Simulating the Minnesota and Wisconsin Prostate Cancer Study as an example, we have demonstrated a broad possible range for such bias in the estimates of smoking and physical activity relative risks for prostate cancer, with a consistent direction for each risk factor. Given the mechanism by which the bias arises, it stands to reason the greater the discrepancies in screening rates or proportions, the greater the bias, and that effect can be observed in our simulation data (Figure 3a, 3c, and 6). The discrepancy in screening proportions between levels of smoking are smaller than those between exercise levels; consequently, the magnitude of the bias gets much larger as the mode of the preclinical duration increases for physical activity compared to smoking. Note also that the different directions of the bias between the two risk factors can be explained by the reversal in association between the risk factor and screening. Smoking is related to lower screening proportions, whereas higher physical activity is related higher screening rates. These observations and the different directional effects of LTBCA simulated between the two risk factors in our study emphasizes the importance of representing the relationships between study design parameters and the associations between screening and the risk factors of interest when evaluating the potential impact of lead-time.

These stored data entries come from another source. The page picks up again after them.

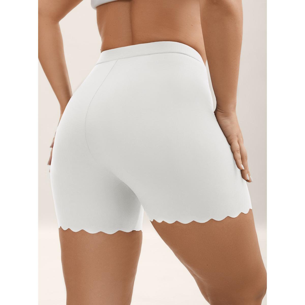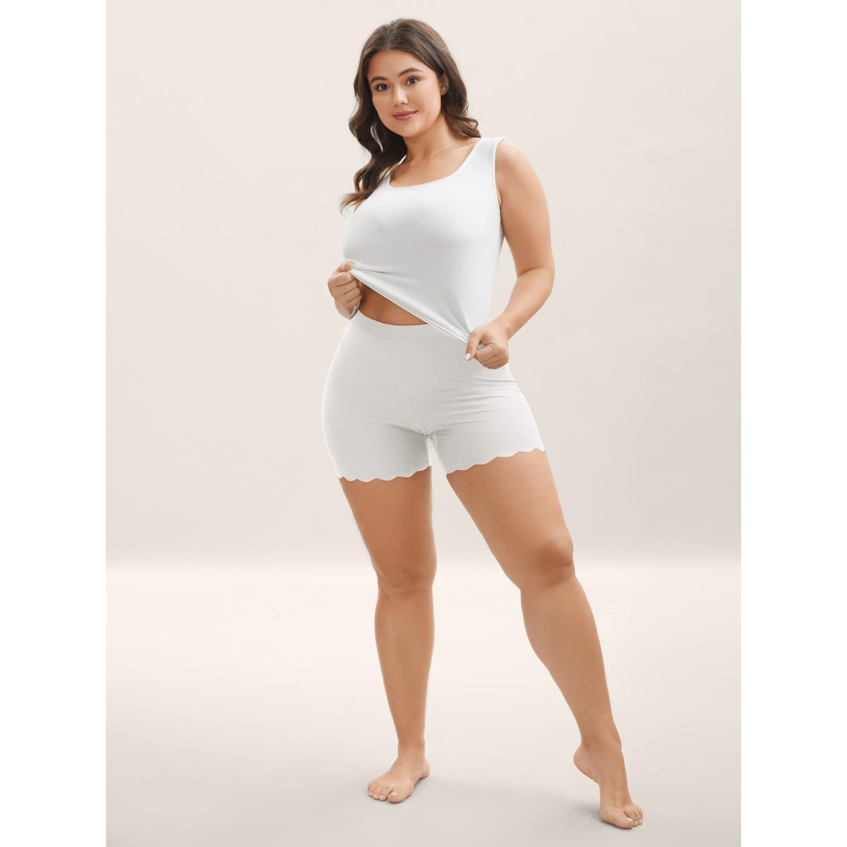 Plus Size Scalloped Trim Stretchy Skinny-Fit Leggings Women WhiteSmoke Casual Skinny Everyday-Casual Shorts BloomChic 22-24/3X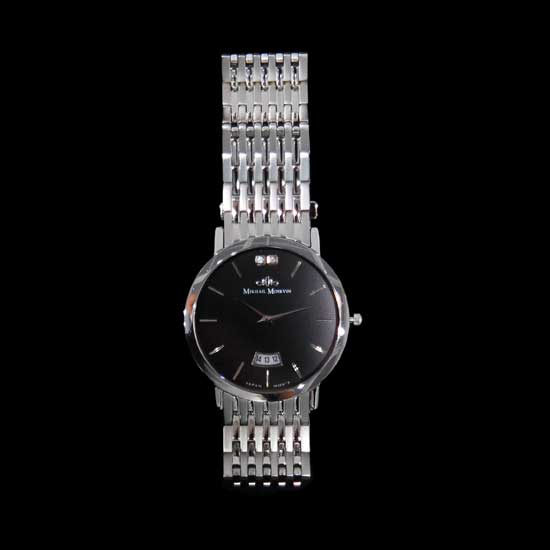 Displayed is a men's analog watch that houses a high quality quartz movement for accurate timekeeping. Made of stainless steel and a large black dial, this wrist watch has a masculine feel and is shiny and stylish. The markers are designed in slim strokes in a silvery color for added fashion.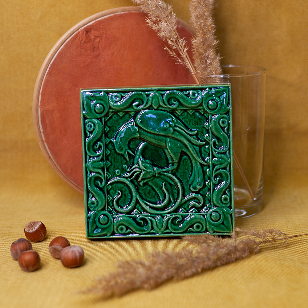 Изделие представляет керамический рельефный элемент квадратной формы, покрытый зеленой глазурью, на котором нанесено стилизованное изображение птицы, которая пьёт нектар из цветка. По фен шуй птицы символизируют новые возможности. Символы птиц, так же как и символы-цветы обладают внутренней универсальной энергией, приносят в дом удачу, процветание, благополучие и достаток. Выбранный цвет изразца усиливает символику изделия, поскольку зеленый цвет также символизирует изобилие, и ещё безопасность. Данное изделие может быть использовано как изразец, и как самостоятельный настенный декор. При этом смотрится стильно и эффектно, может использоваться в местах, где фантазия архитектора или дизайнера по интерьеру не ограничивается типовым решением, он позволяет сделать акцент, привлекающий взгляд, внести завораживающую изюминку в интерьер. Изразец также будет прекрасным подарком родным, близким, коллегам по работе.

Without a consensus on the benefits of PSA screening, [3, 17, 20, 21] care guidelines for prostate cancer screening have been inconsistently implemented.[22–24] Recent randomized trials have not resolved the controversy about the potential efficacy of prostate cancer screening.[25–28] Additionally, the preclinical stage of prostate cancer is believed to be very long, allowing for extended lead times in screen-detected cases. Thus there is a potential for a large amount of LTBCA in studies of risk factors for prostate cancer.[3, 21]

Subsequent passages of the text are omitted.